Physics defines quantities like velocity, acceleration, force, energy, work...... trough mathematical formulas. I suggest to start studying Physics from a good book. Haliday Resnik Walker "Fundamentals of Physics" for example. And/or browse Hyperphysics http://hyperphysics.phy-astr.gsu.edu/hbase/wcon.html about work and energy.
We confuse you.

ehild

Last edited: Jan 10, 2012
16. Jan 10, 2012

### chiddler

I really appreciate your advice as well as your help. Perhaps my questions are becoming too lengthy and vague. I'm going to continue studying and attempt to ask more specific questions later on. I don't think that i'm weak enough in physics to warrant buying a book. This is just one chapter i'm having difficulty with. Plus, books are expensive!

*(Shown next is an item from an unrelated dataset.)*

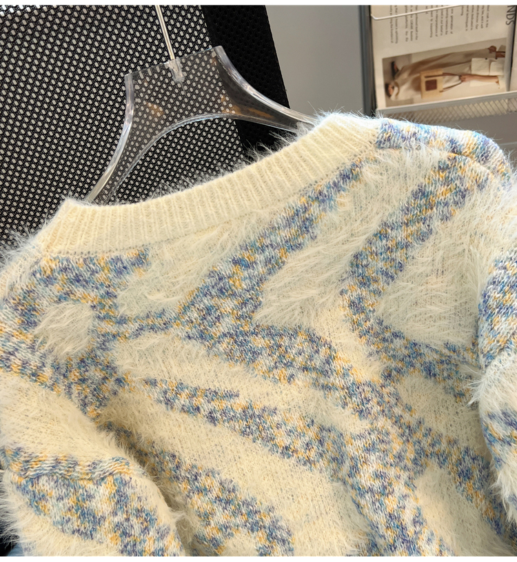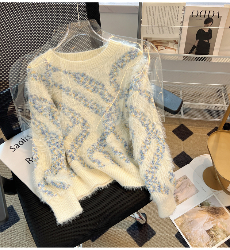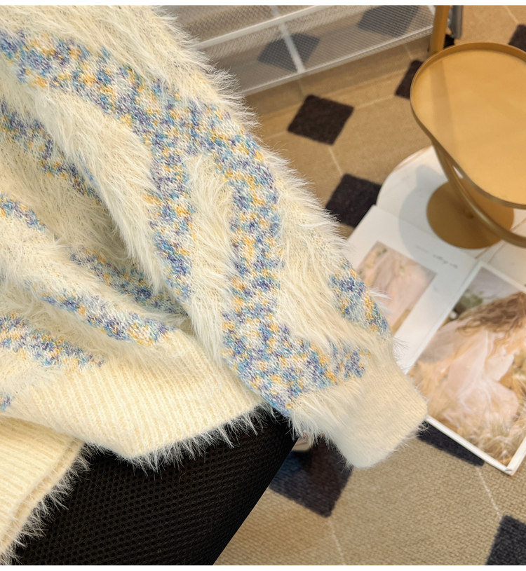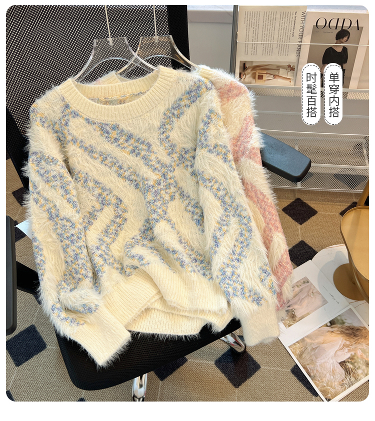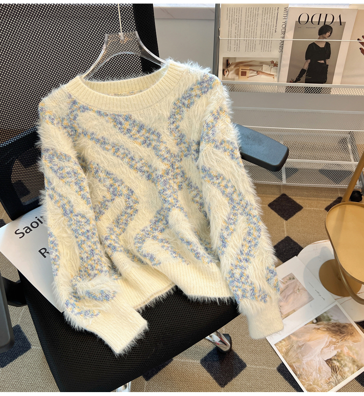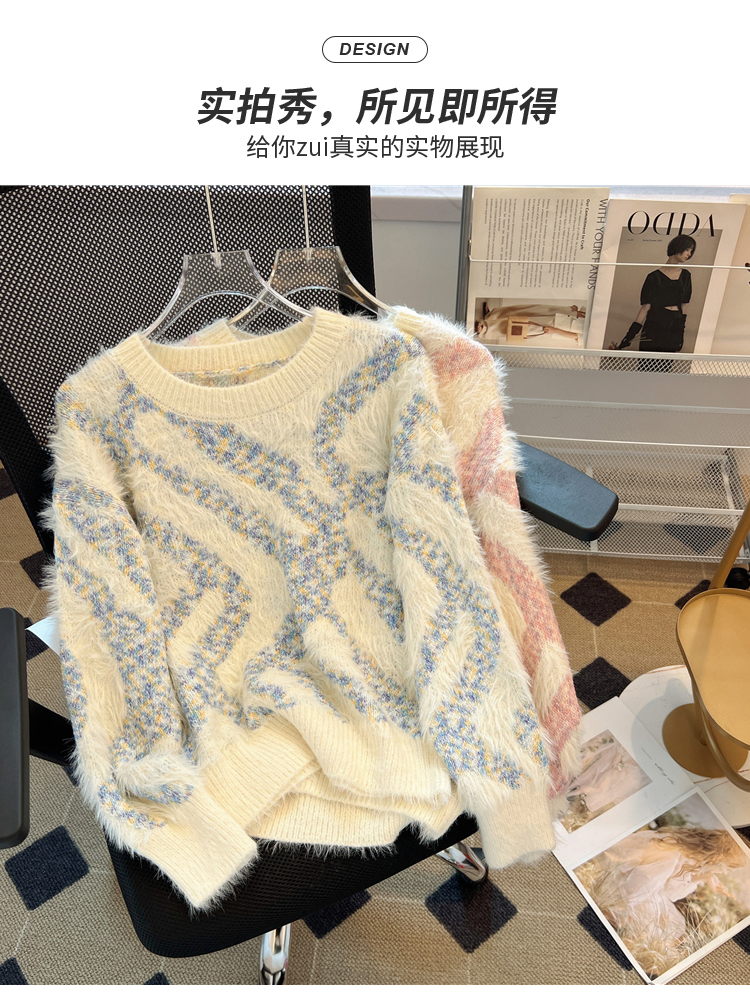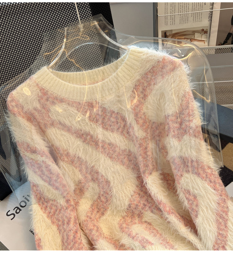 RM32968#不规则条纹设计感炸街毛衣女 马海毛打底针织衫慵懒风上衣加厚
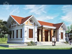 Hình Ảnh Hoàn Thiện biệt thự vườn 1 tầng mái thái tân cổ điển BT107

Thank you very much for your time.

Last edited: Jan 10, 2012
17. Jan 10, 2012

### chiddler

I understand all that you wrote. That said, I understand the question and why the other answers are wrong. I had some difficulty understanding some of the responses I received so I think my questions became more and more vague. I'll continue studying and hopefully have more specific questions.

Thank you very much for your time you helped very much!